Unter einer sozialräumlichen Perspektive sollte sich der Blick auf die Nutzerinnen und Nutzer von pädagogischen Angeboten, wie sie von Familienzentren bereitgehalten werden, vor allem an folgenden Aspekten ausrichten: Zum einen – und das ist einer der schon klassischen Begriffe im Zusammenhang mit Sozialraumorientierung – muss sich der Bezugspunkt der Arbeit „vom Fall zum Feld“ wandeln. Der Blick der Fachkräfte muss sich vom Einzelfall lösen und die übergeordneten Strukturen und sozialräumlichen Gegebenheiten in die Konzeption ebenso mit einbeziehen wie in die alltägliche Arbeit. Dabei ist das Familienzentrum kein abgeschlossener Raum, der nur auf sich selbst bezogen ist. Einerseits müssen Familienzentren es zulassen, dass die Gegebenheiten des Sozialraumes in die Einrichtung hineinwirken, andererseits muss eine Zielrichtung der Arbeit immer auch nach außen gehen, um die Bedingungen für Eltern und Kinder im Sozialraum aktiv zu verbessern.  Daneben darf aber auch der „Fall im Feld“ nicht vergessen werden. Die Wahrnehmung individueller Lebenslagen durch die Adressaten muss ein Ansatzpunkt zur ressourcenorientierten und -aktivierenden Gestaltung der Arbeit sein. Hilfsangebote müssen flexibilisiert werden, sodass mit ihnen schnell und unbürokratisch auf jede Familie eingegangen werden kann, die der Unterstützung bedarf. Schematische Angebote sind zu vermeiden und die Versäulung der Jugendhilfestrukturen sind weitmöglichst aufzuheben.

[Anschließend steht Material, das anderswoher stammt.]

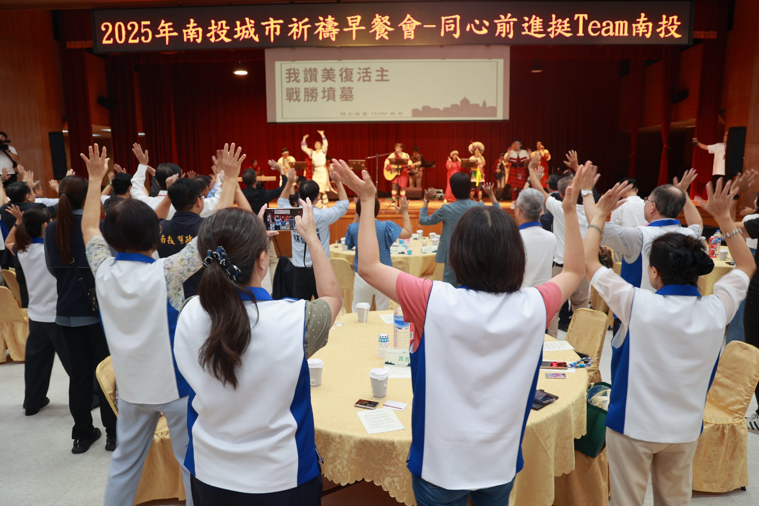 「2025南投城市祈禱餐會」,以「同心前進挺(TEAM)南投」為主題,透過禱告為南投祝福,同時祝福縣政發展,300位來自各行政區教會聯禱會、各宗派與教會代表出席之外,包括立委游顥、TVBS聯利媒體董事長陳文琦、南投城市祈禱早餐會籌備主席陳孟煥牧師;縣議員林儒暘、張秀枝等人也到場參加。
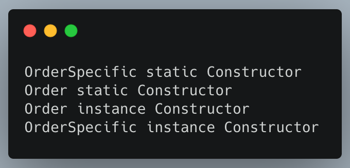 The reason for that is that, in C#, the static constructor is called only when the class is first used. So, in this case, before calling the OrderSpecific instance constructor, the Order instance constructor is called. however, because this is the first time this class is accessed, the static constructor is called first.

Sozialraumorientierung, die im Gütesiegel beschrieben ist, sieht eine Analyse der sozialen Lage des Umfelds vor und Kooperationen z. B. mit Grundschulen, ggf. Senioreneinrichtungen und Ortsteilarbeitskreisen, damit diese Zielgruppen in die Arbeit im Familienzentrum eingebunden werden können. Wichtig sind auch Bedarfsanalysen, die in der Regel mindestens einmal im Jahr vorgenommen werden sollten (Anregungen für Elternbefragungen befinden sich auf der Homepage www.familienzentrum.nrw.de; vgl. dazu auch „Gütesiegel Familienzentrum Nordrhein-Westfalen“, Broschürennummer 2018 des Ministeriums für Familie, Kinder, Jugend, Kultur und Sport des Landes Nordrhein-Westfalen). Unter dem Gesichtspunkt eines Qualitätsmanagements ist eine kontinuierliche Überprüfung der Passgenauigkeit von Angeboten notwendig.

Sozialraumorientierung ist auch im Achten Buch des Sozialgesetzbuches (SGB VIII) in den §§ 1 Abs. 3 Ziffer 4; 27 Abs. 2 und 80 Abs. 2 Ziffer 1 und 3 verankert. Erzieherische Hilfen sollen das soziale Umfeld des Kindes oder der Jugendlichen einbeziehen und die Jugendhilfeplanung soll hier unterstützend tätig werden, damit Kontakte in der Familie und im sozialen Umfeld erhalten und
gepflegt werden können.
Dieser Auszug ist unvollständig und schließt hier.